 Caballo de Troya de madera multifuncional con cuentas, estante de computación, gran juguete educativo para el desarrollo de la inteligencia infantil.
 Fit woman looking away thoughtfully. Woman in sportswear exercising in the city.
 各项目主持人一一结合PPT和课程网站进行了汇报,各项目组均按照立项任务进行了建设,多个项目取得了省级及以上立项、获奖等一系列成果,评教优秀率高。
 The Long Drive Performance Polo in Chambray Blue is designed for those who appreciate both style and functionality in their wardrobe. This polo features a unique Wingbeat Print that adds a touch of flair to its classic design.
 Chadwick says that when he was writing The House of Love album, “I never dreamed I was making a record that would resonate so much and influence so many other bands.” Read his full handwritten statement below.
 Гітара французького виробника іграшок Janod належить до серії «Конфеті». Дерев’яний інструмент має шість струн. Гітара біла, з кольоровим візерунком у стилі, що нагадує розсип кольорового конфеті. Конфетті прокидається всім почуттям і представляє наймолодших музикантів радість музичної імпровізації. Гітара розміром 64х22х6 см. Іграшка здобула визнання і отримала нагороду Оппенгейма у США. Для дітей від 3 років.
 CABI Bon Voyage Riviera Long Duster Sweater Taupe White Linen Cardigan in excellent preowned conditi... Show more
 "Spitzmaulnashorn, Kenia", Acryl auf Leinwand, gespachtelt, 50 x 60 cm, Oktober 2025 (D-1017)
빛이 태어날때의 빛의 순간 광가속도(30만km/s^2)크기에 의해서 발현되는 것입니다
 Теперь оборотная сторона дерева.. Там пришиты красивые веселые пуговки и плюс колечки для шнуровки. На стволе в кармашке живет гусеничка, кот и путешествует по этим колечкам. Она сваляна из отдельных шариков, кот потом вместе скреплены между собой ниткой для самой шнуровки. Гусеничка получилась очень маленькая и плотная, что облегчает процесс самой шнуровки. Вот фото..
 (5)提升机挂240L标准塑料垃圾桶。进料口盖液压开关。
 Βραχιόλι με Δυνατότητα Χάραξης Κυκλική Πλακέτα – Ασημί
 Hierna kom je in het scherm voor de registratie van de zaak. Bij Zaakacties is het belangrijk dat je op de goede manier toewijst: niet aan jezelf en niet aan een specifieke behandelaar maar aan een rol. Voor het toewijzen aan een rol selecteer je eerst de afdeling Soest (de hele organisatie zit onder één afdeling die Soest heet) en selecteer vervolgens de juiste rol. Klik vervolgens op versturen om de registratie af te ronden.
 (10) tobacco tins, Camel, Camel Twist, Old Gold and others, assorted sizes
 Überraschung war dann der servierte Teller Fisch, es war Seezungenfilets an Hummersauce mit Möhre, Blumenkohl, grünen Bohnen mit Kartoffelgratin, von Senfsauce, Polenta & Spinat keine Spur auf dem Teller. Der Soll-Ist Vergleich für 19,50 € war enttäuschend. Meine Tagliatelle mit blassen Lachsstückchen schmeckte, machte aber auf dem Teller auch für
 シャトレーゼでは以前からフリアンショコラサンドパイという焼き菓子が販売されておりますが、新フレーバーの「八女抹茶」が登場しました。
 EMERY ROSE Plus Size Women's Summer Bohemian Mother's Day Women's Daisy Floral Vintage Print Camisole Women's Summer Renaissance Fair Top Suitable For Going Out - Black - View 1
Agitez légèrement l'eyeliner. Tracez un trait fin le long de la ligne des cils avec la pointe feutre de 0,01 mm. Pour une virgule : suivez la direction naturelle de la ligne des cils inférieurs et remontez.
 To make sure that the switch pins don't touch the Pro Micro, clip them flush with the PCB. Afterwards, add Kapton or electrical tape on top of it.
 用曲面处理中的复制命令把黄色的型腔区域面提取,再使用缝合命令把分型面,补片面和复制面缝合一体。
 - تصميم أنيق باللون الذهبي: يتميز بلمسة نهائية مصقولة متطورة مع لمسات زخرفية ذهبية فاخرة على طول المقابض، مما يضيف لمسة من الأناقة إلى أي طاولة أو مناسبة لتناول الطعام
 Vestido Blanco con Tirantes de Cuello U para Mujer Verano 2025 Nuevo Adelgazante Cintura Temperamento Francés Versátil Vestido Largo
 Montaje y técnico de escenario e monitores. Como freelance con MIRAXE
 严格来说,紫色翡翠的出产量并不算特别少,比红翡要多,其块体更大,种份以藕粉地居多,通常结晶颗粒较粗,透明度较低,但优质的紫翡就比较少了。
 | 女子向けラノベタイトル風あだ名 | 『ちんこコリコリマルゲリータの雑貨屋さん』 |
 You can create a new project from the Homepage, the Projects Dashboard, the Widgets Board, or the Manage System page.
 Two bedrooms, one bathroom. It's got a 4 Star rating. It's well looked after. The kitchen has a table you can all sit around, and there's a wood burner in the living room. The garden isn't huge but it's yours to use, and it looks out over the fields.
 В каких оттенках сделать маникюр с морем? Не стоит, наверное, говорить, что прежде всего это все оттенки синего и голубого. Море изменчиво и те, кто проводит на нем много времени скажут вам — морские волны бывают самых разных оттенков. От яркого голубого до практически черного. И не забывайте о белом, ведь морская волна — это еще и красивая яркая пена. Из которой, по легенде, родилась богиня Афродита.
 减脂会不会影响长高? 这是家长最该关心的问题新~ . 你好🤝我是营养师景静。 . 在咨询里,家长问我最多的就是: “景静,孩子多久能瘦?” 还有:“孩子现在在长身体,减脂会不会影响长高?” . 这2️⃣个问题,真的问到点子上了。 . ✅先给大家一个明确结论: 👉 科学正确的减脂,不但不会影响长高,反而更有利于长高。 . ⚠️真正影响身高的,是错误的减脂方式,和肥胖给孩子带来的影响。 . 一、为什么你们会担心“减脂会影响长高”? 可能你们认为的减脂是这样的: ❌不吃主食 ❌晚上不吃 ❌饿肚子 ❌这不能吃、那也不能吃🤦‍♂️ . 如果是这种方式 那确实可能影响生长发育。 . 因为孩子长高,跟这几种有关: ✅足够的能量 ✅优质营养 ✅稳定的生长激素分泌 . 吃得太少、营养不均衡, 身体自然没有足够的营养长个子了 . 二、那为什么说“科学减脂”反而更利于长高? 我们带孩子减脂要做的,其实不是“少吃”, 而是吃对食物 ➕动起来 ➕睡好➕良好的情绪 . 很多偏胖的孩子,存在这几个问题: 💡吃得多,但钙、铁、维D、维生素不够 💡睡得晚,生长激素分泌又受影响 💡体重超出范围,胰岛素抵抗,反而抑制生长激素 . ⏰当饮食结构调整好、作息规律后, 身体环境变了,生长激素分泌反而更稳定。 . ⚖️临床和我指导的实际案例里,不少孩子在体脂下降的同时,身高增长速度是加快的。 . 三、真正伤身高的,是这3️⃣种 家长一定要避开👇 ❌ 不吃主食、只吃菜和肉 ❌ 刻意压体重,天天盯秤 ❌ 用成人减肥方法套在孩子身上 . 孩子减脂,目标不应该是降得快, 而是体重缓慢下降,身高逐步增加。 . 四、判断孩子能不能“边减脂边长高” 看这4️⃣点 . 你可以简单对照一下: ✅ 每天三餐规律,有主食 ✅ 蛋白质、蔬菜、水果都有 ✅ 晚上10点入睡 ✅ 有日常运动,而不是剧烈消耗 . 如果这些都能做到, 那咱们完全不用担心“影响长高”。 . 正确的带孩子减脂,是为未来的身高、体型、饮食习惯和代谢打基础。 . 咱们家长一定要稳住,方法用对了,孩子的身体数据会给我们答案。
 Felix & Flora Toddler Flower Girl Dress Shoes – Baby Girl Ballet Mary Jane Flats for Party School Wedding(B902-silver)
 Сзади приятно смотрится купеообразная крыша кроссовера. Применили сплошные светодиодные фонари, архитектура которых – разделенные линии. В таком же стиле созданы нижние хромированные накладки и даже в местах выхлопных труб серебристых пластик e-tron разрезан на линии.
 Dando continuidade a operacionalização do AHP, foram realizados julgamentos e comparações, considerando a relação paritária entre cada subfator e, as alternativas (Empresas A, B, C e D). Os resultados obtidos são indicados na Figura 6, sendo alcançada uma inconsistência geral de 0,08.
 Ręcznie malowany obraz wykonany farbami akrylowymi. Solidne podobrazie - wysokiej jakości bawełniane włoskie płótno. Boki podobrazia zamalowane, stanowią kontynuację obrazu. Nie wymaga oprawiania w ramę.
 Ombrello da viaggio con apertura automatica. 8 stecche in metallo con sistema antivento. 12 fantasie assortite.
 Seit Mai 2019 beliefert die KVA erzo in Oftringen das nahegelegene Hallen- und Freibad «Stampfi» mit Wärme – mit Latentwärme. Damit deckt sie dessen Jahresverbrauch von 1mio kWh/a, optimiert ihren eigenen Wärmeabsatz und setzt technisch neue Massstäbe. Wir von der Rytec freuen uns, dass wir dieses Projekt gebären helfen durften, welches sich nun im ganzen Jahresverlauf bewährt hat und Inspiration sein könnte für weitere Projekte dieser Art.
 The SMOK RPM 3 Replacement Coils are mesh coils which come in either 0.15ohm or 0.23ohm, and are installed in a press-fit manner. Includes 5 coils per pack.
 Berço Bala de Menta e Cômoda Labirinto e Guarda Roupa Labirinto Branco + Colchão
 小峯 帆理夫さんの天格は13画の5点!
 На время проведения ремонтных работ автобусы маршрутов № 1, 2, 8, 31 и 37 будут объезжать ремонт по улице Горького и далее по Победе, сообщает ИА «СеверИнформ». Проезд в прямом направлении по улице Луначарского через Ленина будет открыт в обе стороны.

—————

# What you need to do:
Using the data above, show each line where "touch" occurs.

# Solved problem:
 The Long Drive Performance Polo in Chambray Blue is designed for those who appreciate both style and functionality in their wardrobe. This polo features a unique Wingbeat Print that adds a touch of flair to its classic design.
 To make sure that the switch pins don't touch the Pro Micro, clip them flush with the PCB. Afterwards, add Kapton or electrical tape on top of it.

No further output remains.